• [Exercise objective]: Make an exact copy of all the data, pictures excluded.

• [The data]:
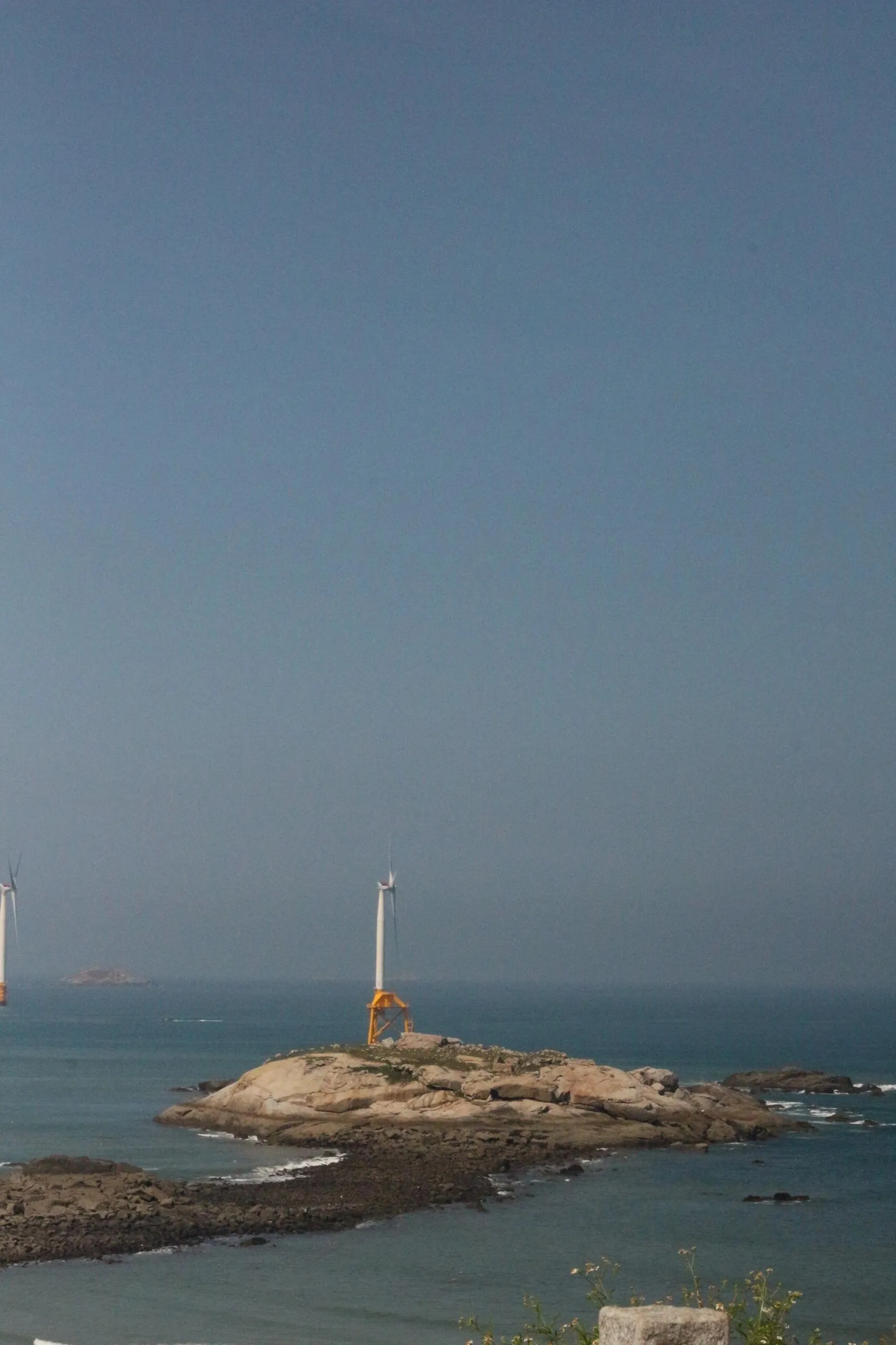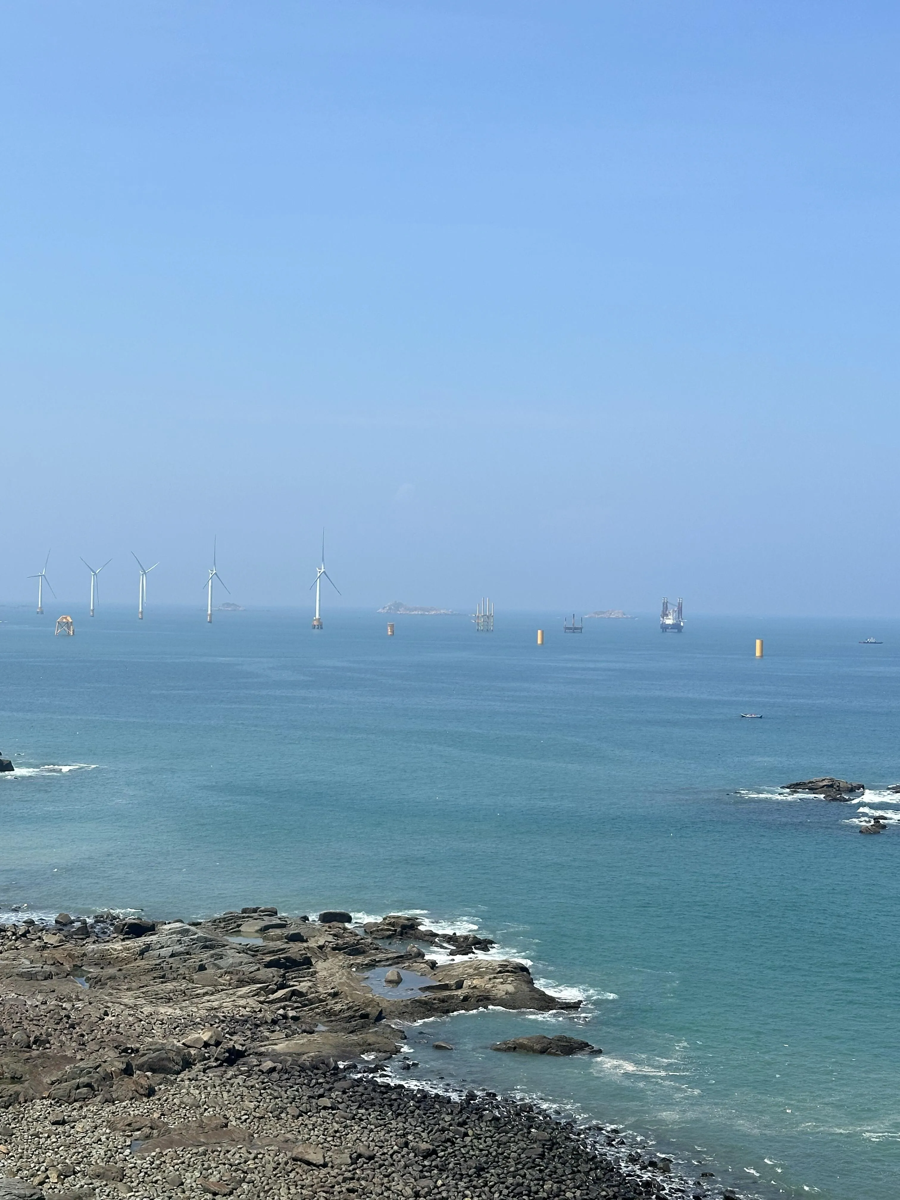 离开镜沙后不久就到达了 长江澳 。这里有许多大型风车,海边遍布石头。可以看到不少当地人在此挖掘什么,也有游客在抓螃蟹。黄昏时分,风车与落日相映成趣,景色十分迷人。
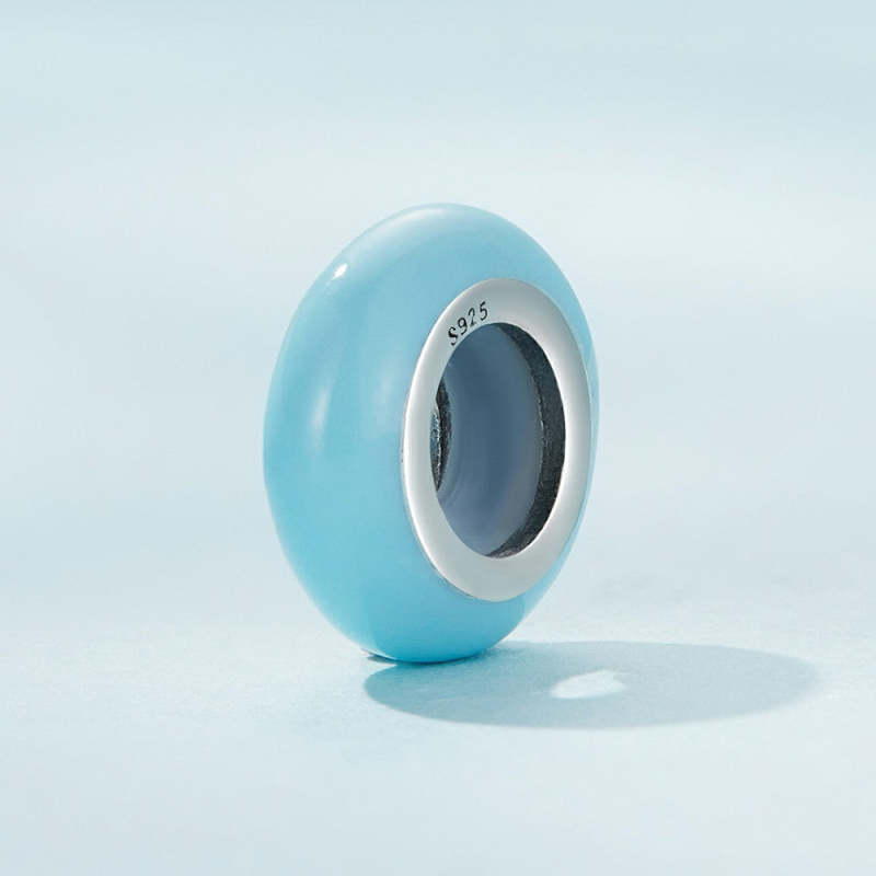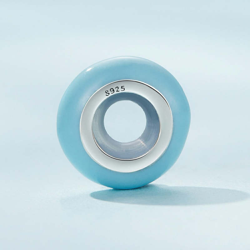 Macaron Ciondolo Tappo Ciano Ciondolo Distanziatore Argento
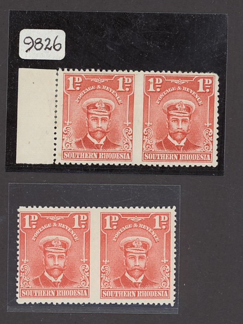 1924-29 1d. bright rose, horizontal pair variety imperforate between; also a further bright rose pair from the left of the sheet showing virtually imperforate between with traces of blind perfs in a couple of places; the latter with pressed diagonal crease. S.G. 2a, 2a var.

• [Result for this task]:
 离开镜沙后不久就到达了 长江澳 。这里有许多大型风车,海边遍布石头。可以看到不少当地人在此挖掘什么,也有游客在抓螃蟹。黄昏时分,风车与落日相映成趣,景色十分迷人。
 Macaron Ciondolo Tappo Ciano Ciondolo Distanziatore Argento
 1924-29 1d. bright rose, horizontal pair variety imperforate between; also a further bright rose pair from the left of the sheet showing virtually imperforate between with traces of blind perfs in a couple of places; the latter with pressed diagonal crease. S.G. 2a, 2a var.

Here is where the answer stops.